I only use these scenes to contrast each other to prove a point. Gangster films are supposed to be violent and shocking. They have to be in order to be interesting - especially when we lack strong plot and/or strong characterization. They are stories about violent, ruthless men basically going to war with each other. But Lawless is constantly pulling it's punches - hardcore. It seems to constantly avoid showing us the consequences of these characters actions and instead have us follow the Adventures of the Dimwit Bootlegger with Shia Labouf! I get what Lawless was attempting to do. I get that it's supposed to be a study on violence within a family unit and the affects of money, greed, power, pride, blah, blah, blah. I get it, I really do. But the problems with that are we have a shit script and we follow the most annoying character on the screen while we ignore the most interesting character's.


Barely in the movie, CRIMINALLY underused.

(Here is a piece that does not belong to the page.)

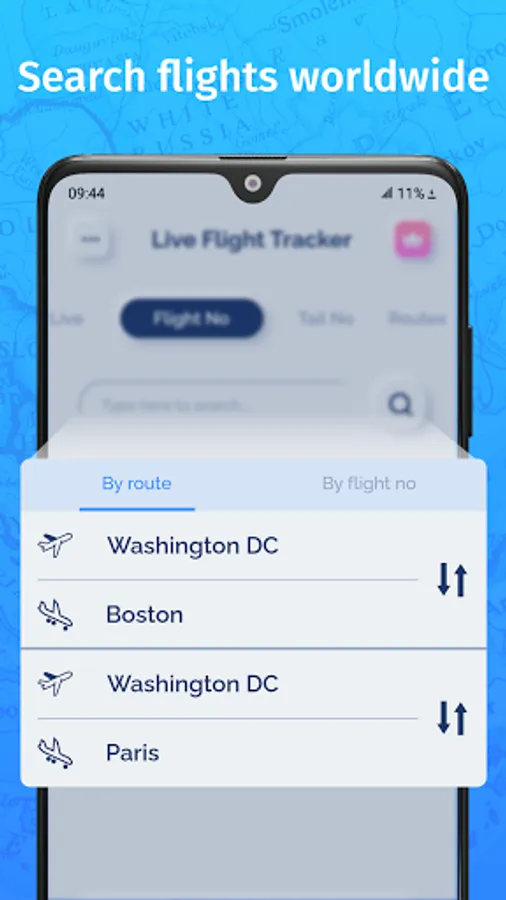 Route search in flight tracker app will provide flights data like delay status and also show live map.

We seem to live in a time where great performances are appreciated more than anything else but people seem to be confused on what a great performance is. First of all, I gotta say flat-out that anyone can stand there and be broodingly silent while they slowly read their lines and look around awkwardly and intensely. THAT is not what makes a good performance. And I'm not trying to knock on any one particular actor here, but seriously, acting aloof and deep is not hard and it's not the same as turning out a good performance. Right off the bat you have to have good material. Your character's should be interesting and have some depth to them. The story should also be good so that we know what the motivations are for everyone within. Think back to some of the great all-time performances, you know what they all tend to have in common? They were good movies. Good characters in good movies.

Lawless lacks that, don't let anyone tell you anything differently.